# Decision tree algorithm theory

2020-11-09 13:43:59

WeChat official account ： Manon charging station pro

#### 1, What is a decision tree ？

Decision tree is a machine learning algorithm , We can use decision trees to deal with classification problems . Decision tree decision making （ classification ） The process can be expressed in an inverted tree structure , So it's called decision tree .

For example, we depend on the weather Whether it's sunny or not and Is it windy To decide whether to play football or not ？ When it's sunny and windless , We just went to play football .

here , The decision process can be represented in a tree structure , as follows ： This is the simplest decision tree , We can use it to judge whether we want to play football . At the top is the root node of the tree , At the bottom is the leaf node of the tree . In the box is the process of judgment , In the oval is the result of the decision .

Of course , In actual use , The judgment condition is not so simple , And we won't let us draw our own pictures by hand . Practical application , We'll make the program automatic , This decision tree is constructed from a set of sample data , This program automatically builds the decision tree process is machine learning The process of .

The final decision tree is the result of machine learning , be called Model . Last , We can put some... Into the model Property conditions , Let the model give us Judge the result . #### 2, How to build a decision tree ？

For example, we have the following data sets ：

Serial number Conditions : It's sunny ? Conditions : Is it windy ? result : To play football ?
1 yes no Go to
2 yes yes Don't go to
3 no yes Don't go to
4 no no Don't go to

You can see in this table that 4 That's ok （ The first row header doesn't count ）,4 Column data .

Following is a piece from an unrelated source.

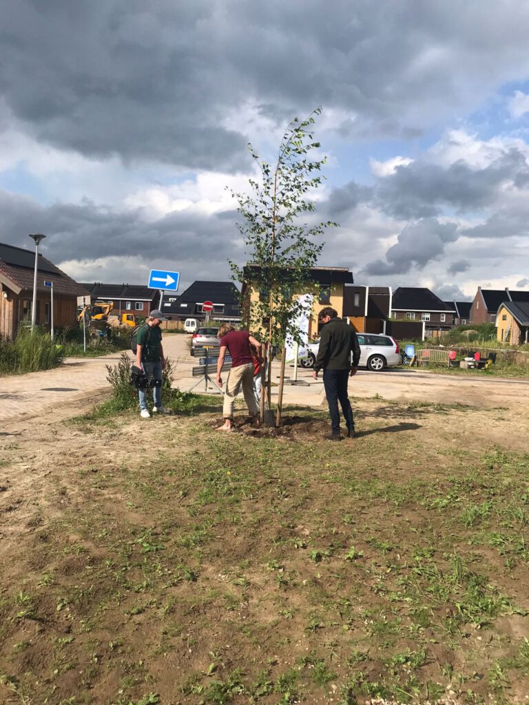En wat doe je dan om de oplevering te vieren? Dan planten we samen met een bewoner een boom in de tuin. Bij elk project geven wij de natuur twee bomen terug voor elke boom die wij gebruikt hebben voor de bouw ervan. Een aantal op de kavels en de rest in samenwerking met Trees4All. Toen de boom stond, was het tijd voor een hapje en drankje en een rondje door de woning van één van de huurders. Dat trok heel wat bekijks. Vooral het vele hout in de woning valt in de smaak. De huurster is ondertussen heel blij dat ze nu in haar dorp ook duurzaam kan wonen.
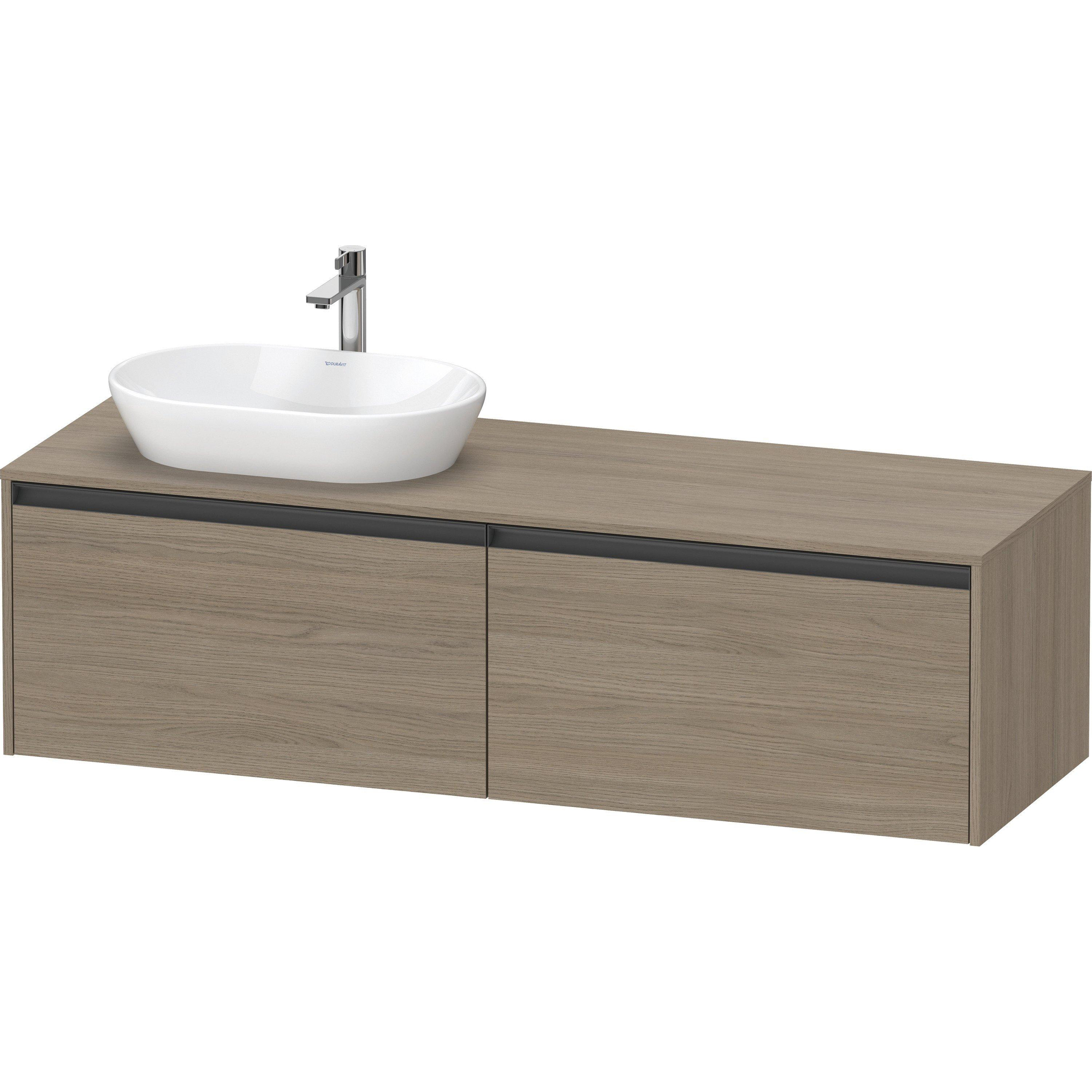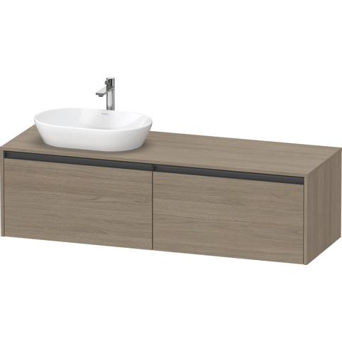 Duravit Ketho 2 wastafelonderbouwkast incl. consoleplaat met 2 laden voor waskom links 160x55x45.9cm met handgrepen antraciet eiken terra mat SW772043

Generally in machine learning , The last column is called The goal is (target), The first column is called features (features).

We're going to use this data set , To build a decision tree , So how to build ？

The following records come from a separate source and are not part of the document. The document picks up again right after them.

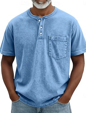 Per uomo Maglia Henley Camicia 100% cotone lavaggio acido Maglietta Manica Corta Retrò Vintage Casual Cardigan con Bottoni Tasca Tinto in capo Henley Casuale Estate Primavera Autunno Marrone scuro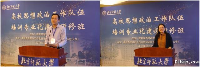 10月31日下午,研修班举行结业式,四位学员代表汇报研讨情况和学习心得。他们表示此次培训班正当其时,培训内容具有指导性、针对性,培训形式灵活多样,学员学习态度认真,会务工作细致周到。同时对高校思政工作队伍建设提出了宝贵建议,他们希望各单位加强学习资源共建共享,推进课程体系研究与课程精品化建设,针对少数民族地区开展辅导员专题培训,继续扩充师资库等。
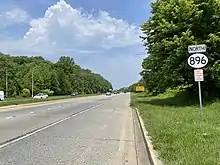 Delaware Route 896 (DE 896) is a state highway located in New Castle County, Delaware. The route runs from U.S. Route 13 (US 13) in Boyds Corner north to the Maryland border northwest of Newark, where the road becomes unsigned Maryland Route 896 (MD 896) briefly before heading into Pennsylvania as Pennsylvania Route 896 (PA 896). The route heads west from US 13 before turning north along with DE 71 in Mount Pleasant, crossing the Chesapeake & Delaware Canal on the Summit Bridge. After the bridge, DE 71 splits off to the east and the road continues to Glasgow, where it comes to an intersection with US 40. DE 896 continues north and interchange with Interstate 95 (I-95) before reaching Newark, where it bypasses the University of Delaware to the west by following DE 4, Elkton Road, and South Main Street. DE 896 comes to downtown Newark and continues northwest to the Maryland border. DE 896 has a business route, DE 896 Business (DE 896 Bus.), that passes through Glasgow, and had an alternate alignment south of Glasgow called DE 896 Alternate (DE 896 Alt.).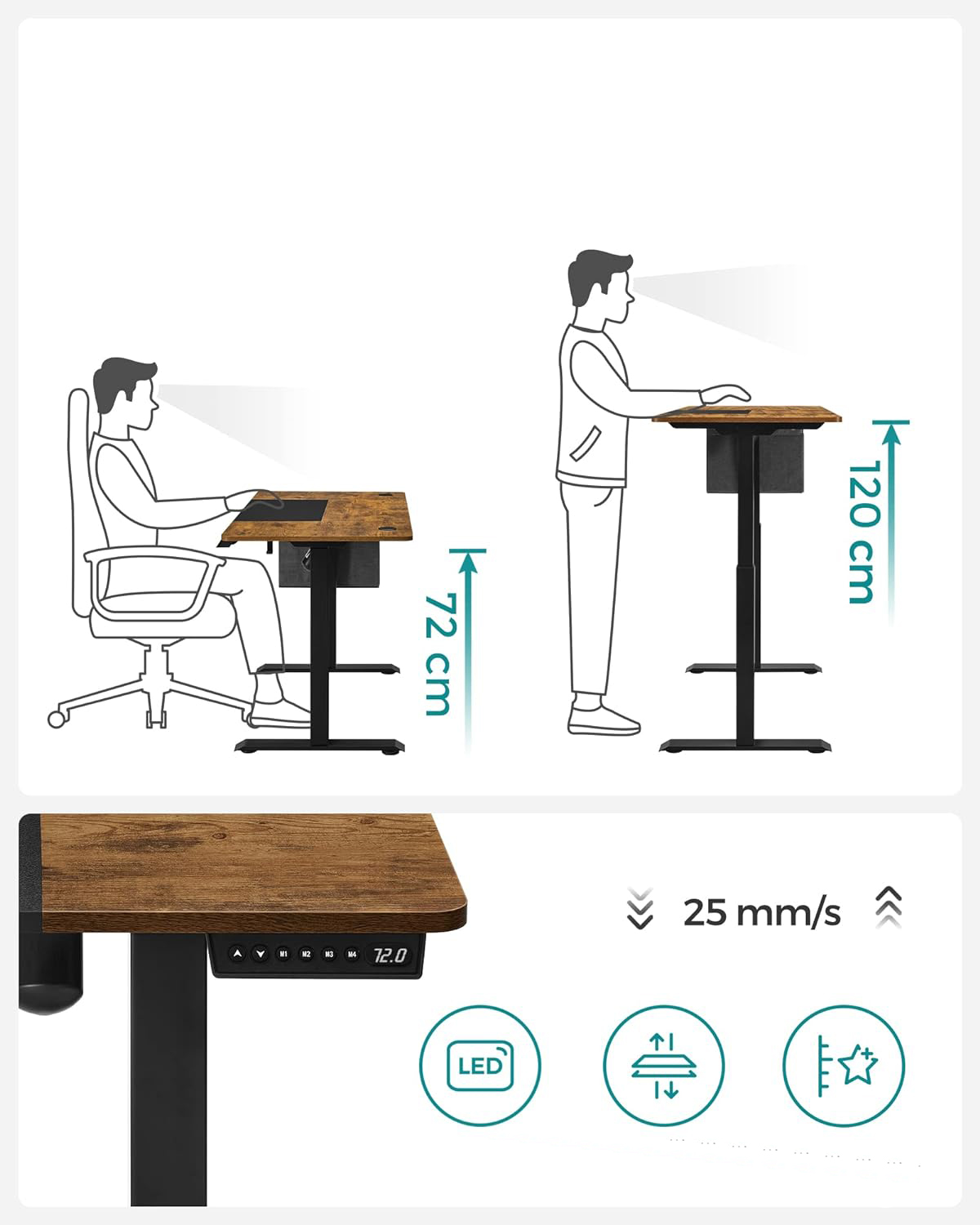SONGMICS Birou cu reglaj electric pe inaltime, memorie cu 4 inaltimi, 60x120x(72-120)cm, maro rustic Household NewTrend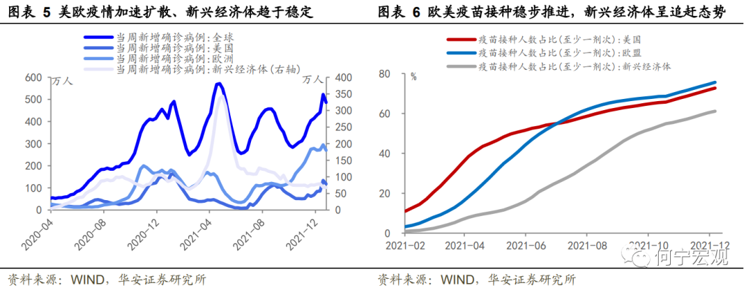 疫苗接种:欧美疫苗接种稳步推进,新兴经济体快速追赶。欧美从去年12月启动疫苗接种,领先新兴经济体约2个月。12月欧美疫苗接种比例(至少一剂次)分别为76.6%和73.7%,在接种比例超过60%后增速明显放缓。新兴经济体后发效应显著,几乎呈直线式进行追赶,12月疫苗接种比例(至少一剂次)升至61.4%,其中印度、巴西、韩国、南非接种比例分别为59.7%、77.5%、85.4%、31.3%。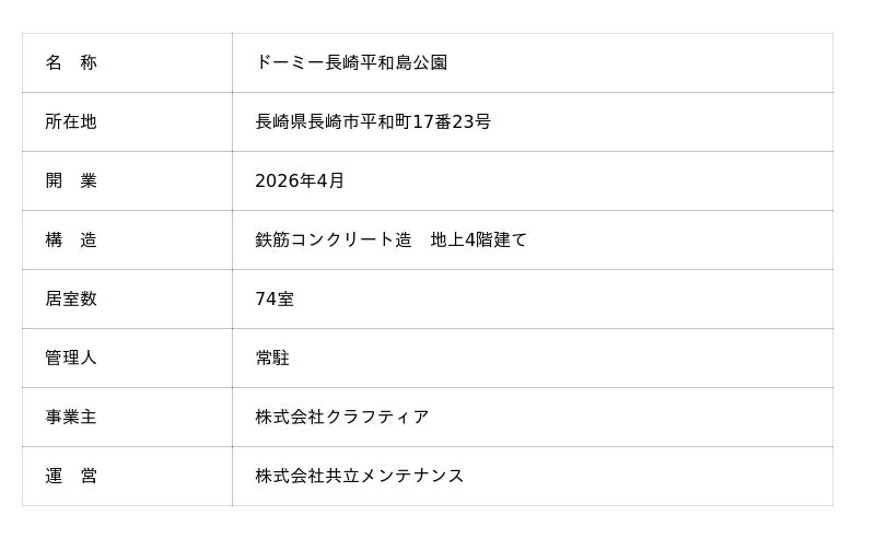 このたび、株式会社クラフティア(以下、当社グループ)は、株式会社共立メンテナンス(本社:東京都千代田区、代表取締役社長 中村幸治)と建物賃貸借契約を締結し、長崎市内に当社が有する遊休地において、学生寮・社員寮「ドーミー長崎平和公園」を2026年4月に運用開始いたします。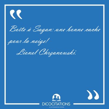 ![Boîte à Sagan: une bonne cache pour la [...] - Lionel Chrzanowski... Boîte à Sagan: une bonne cache pour la [...] - Lionel Chrzanowski...](/imagescitations/Boite_a_Sagan_une_bonne_cache_pour_la_-_Lionel_Chrzanowski-41115.jpg)

First , You need to determine which attribute to use as the first criterion , It's to judge first It's sunny , Or judge first Is it windy ？ That is to say , Let the weather be the root node of the tree , Or let the wind be the root node of the tree ？

To solve this problem, we need to use Information entropy and Information purity The concept of , Let's first look at what information entropy is .

#### 3, What is information entropy ？

1948 year , Claude · Xiangnong is in his paper “ The mathematical principle of communication ” Mentioned in the Information entropy （ It's usually used H Express ）, The unit for measuring information entropy is The bit .

That is to say , The amount of information can be quantified . The amount of information in a piece is related to the uncertainty of information , It can be said that , The amount of information is equal to the amount of uncertainty （ The uncertainty of information ）.

The formula of information entropy is as follows ： The meaning of the formula is ：

• Things to be classified can be divided into several categories , there `n` It's the number of categories .
• `H(X)` It's entropy , The mathematical meaning is , All categories contain information expectations .
• `-㏒p(Xì)` Represents the information value of the symbol ,`p(Xì)` Is the probability of choosing the classification .
• Formula `log` General with 2 Bottom .

All in all , Just to know , The amount of information can be calculated by mathematical formula , In terms of information theory, it's called information entropy . The greater the entropy of information , The more information there is .

##### 3.1, Calculate entropy of information

So let's calculate the information entropy of the above table data . We only focus on “ result ” That column ：

result : To play football ?
Go to
Don't go to
Don't go to
Don't go to

According to the form , We can know , All categories share 2 Kind of , That is to say “ Go to ” and “ Don't go to ”,“ Go to ” There is 1 Time ,“ Don't go to ” There is 3 Time .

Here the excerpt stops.